The problem was I wasn't telling perl to output UTF-8. Now that I added
binmode(FILE, ':utf8') to my script, the problem is fixed. However, it sounds
like once I set binmode to UTF-8 everything will be interpreted as such, even
when the record is in MARC-8. Is that right? So this means that I can only use
my script with a file of records where all of them are encoded in UTF-8. If I
want to run the script against a file with all MARC-8 encoding, then I'd need
to remove the binmode line.
It doesn't seem possible to say:
if ($record->encoding() eq 'UTF-8' ) {
binmode(FILE, ':utf8') ;
FILE $record->as_usmarc() ;
}
else {
print FILE $record->as_usmarc() ;
}
This will result in messing up the diacritics if a file has a mixture of
records in MARC-8 and UTF-8. Is that correct?
Thanks,
Shelley
----- Original Message -----
> From: "William Dueber" <[email protected]>
> To: "Shelley Doljack" <[email protected]>
> Cc: [email protected]
> Sent: Monday, July 30, 2012 5:13:41 PM
> Subject: Re: printing UTF-8 encoded MARC records with as_usmarc
> First off, it's entirely possible that you have bad UTF-8 (perhaps
> rogue MARC-8, perhaps just lousy characters) in your MARC. I know we
> have plenty of that crap.
> You need to tell perl that you'll be outputting UTF-8 using 'bincode'
> binmode(FILE, ':utf8');
> In general, you'll want to do this to basically every file you open
> for reading or writing.
> A great overview of Perl and UTF-8 can be found at:
> http://stackoverflow.com/questions/6162484/why-does-modern-perl-avoid-utf-8-by-default
> On Mon, Jul 30, 2012 at 6:51 PM, Shelley Doljack <
> [email protected] > wrote:
> > Hi,
>
> > I wrote a script that extracts marc records from a file given
> > certain
> > conditions and puts them in a new file. When my input record is
> > correctly encoded in UTF-8 and I run my script from windows command
> > prompt, this warning message appears: "Wide character in print at
> > record_extraction.pl line 99" (the line in my script where I print
> > to a new file using as_usmarc). I compared the extracted record
> > before and after in MarcEdit and the diacritic was changed. I tried
> > marcdump newfile.mrc to see what happens and I get this error:
> > "utf8
> > \xF4 does not map to Unicode at C:/Perl64/lib/Encode.pm line 176."
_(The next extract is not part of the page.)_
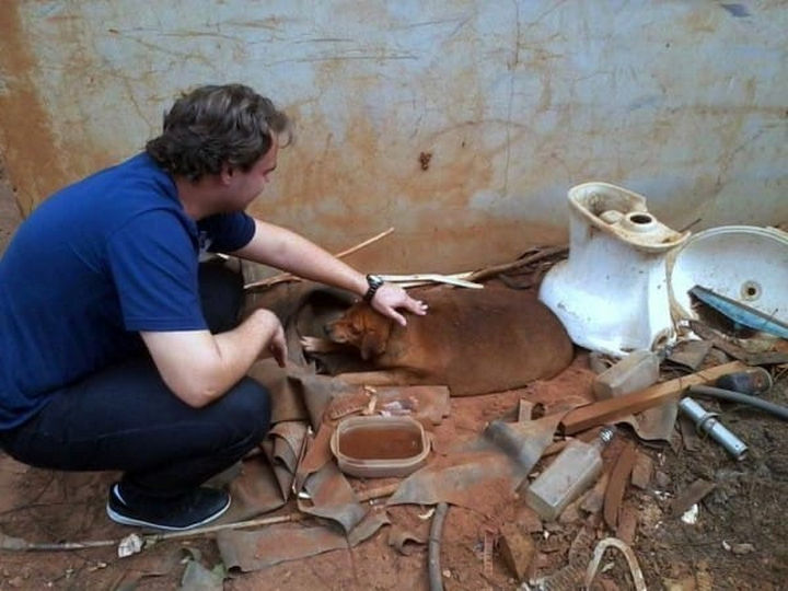 The animal rescuer was from a nearby town and vowed to help change the dog’s life.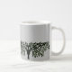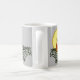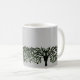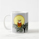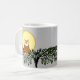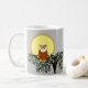 Owl sitting on branch in front of a full moon. Cartoon drawing. Bird is brown with white face and yellow feet, yellow moon with golden edges and branch is black silhouette. Empty tree branches on opposite side Background is light grey.

> > When I run my extraction script again with MARC-8 encoded data then
> > I don't have the same problem.
>
> > The basic outline of my script is:
>
> > my $batch = MARC::Batch->new('USMARC', $input_file);
>
> > while (my $record = $batch->next()) {
>
> > #do some checks
>
> > #if checks ok then
>
> > print FILE $record->as_usmarc();
>
> > }
>
> > Do I need to add something that specifies to interpret the data as
> > UTF-8? Does MARC::Record not handle UTF-8 at all?
>
> > Thanks,
>
> > Shelley
>
> > ----
>
> > Shelley Doljack
>
> > E-Resources Metadata Librarian
>
> > Metadata and Library Systems
>
> > Stanford University Libraries
>
> > [email protected]
>
> > 650-725-0167
>
> --
> Bill Dueber
> Programmer -- Library Systems
> University of Michigan